Personal information
- Full name: Edward Ernest Wallington
- Date of birth: 8 July 1895
- Place of birth: Rickmansworth, Hertfordshire, England
- Date of death: 15 February 1959 (aged 63)
- Place of death: Croydon, Surrey, England
- Position: Outside forward

Youth career
- 1913–1920: Watford

Senior career*
- Years: Team / Apps / (Gls)
- 1920–1923: Watford / 51 / (5)
- 1923–1924: Arsenal

= Ernie Wallington =

English footballer

Edward Ernest Wallington (8 July 1895 – 15 February 1959) was an English footballer.

Born in Rickmansworth, Hertfordshire, Wallington started his working life as an amateur in local football, and also played regularly for Watford reserves. He turned professional in 1920, coinciding with Watford's entry into the Football League, and made his first professional appearance on 16 March 1921, in a 1–1 draw to Gillingham at Priestfield Stadium. He scored his first goal exactly one month later, in another 1–1 draw, at home to Crystal Palace at Vicarage Road, and finished the season with 9 appearances and 1 goal.

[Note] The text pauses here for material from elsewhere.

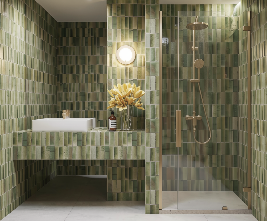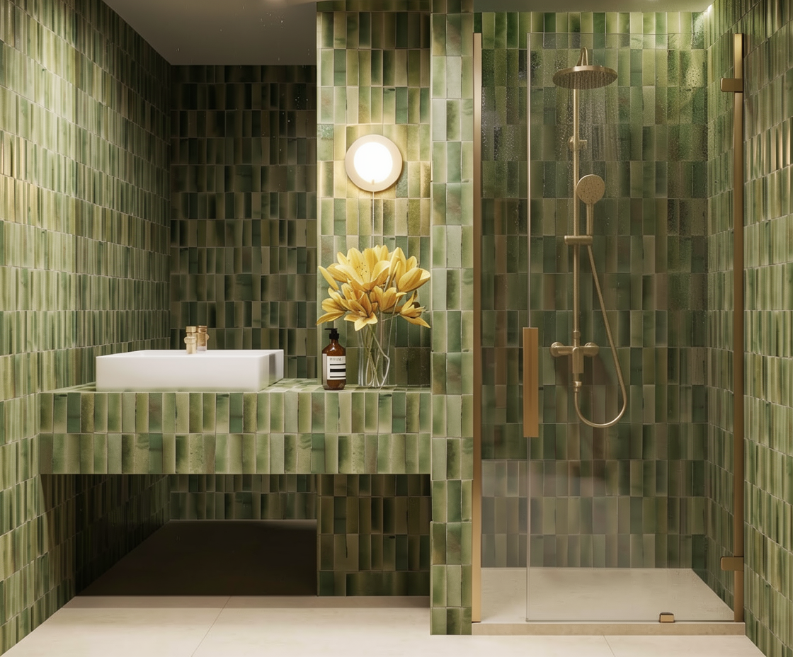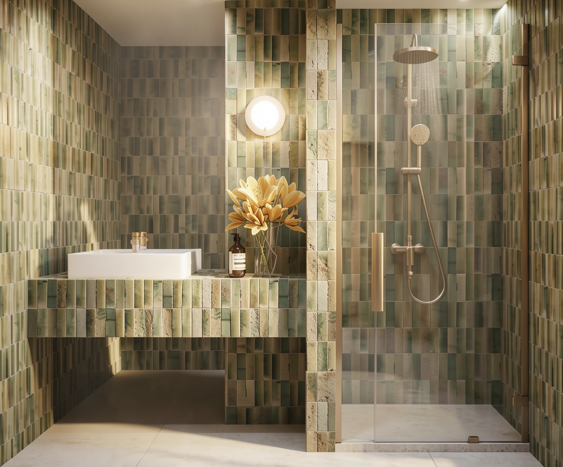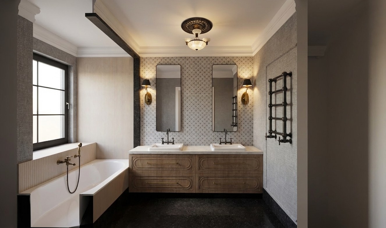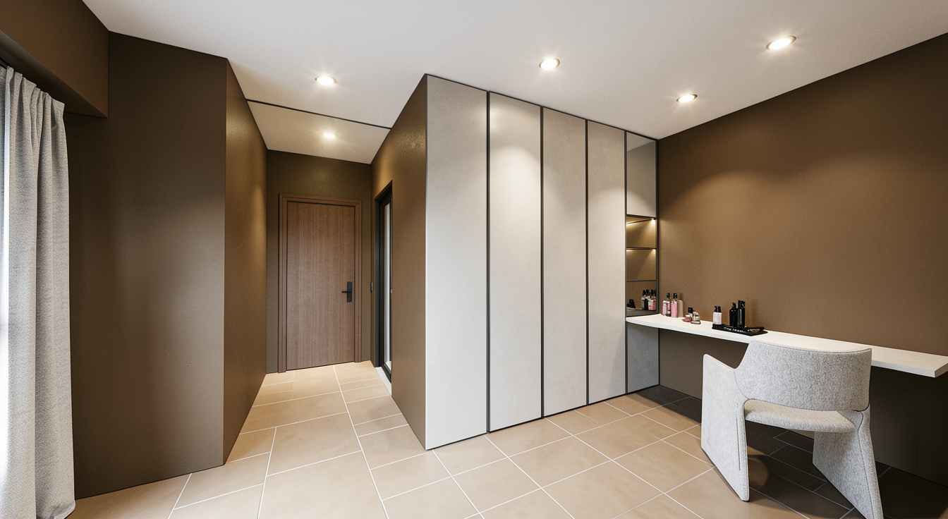 minimalism exterior shot add some ceiling down lights a small vanity mirror and some cosmetic products on the table floor tiles should be 60x60 matte biege wall paint should be creme white architecture

Wallington established himself as a first-team regular in the 1921–22 season, making 40 appearances in all competitions. However, he lost his place to Jimmy Stephenson four games into the following season, and never played a first-team match for the club again. He was released on a free transfer in June 1923, and joined First Division side Arsenal three months later. After making one first team appearance in 1923–24, Wallington left the club, and later returned to amateur football.

He died on 15 February 1959, aged 63.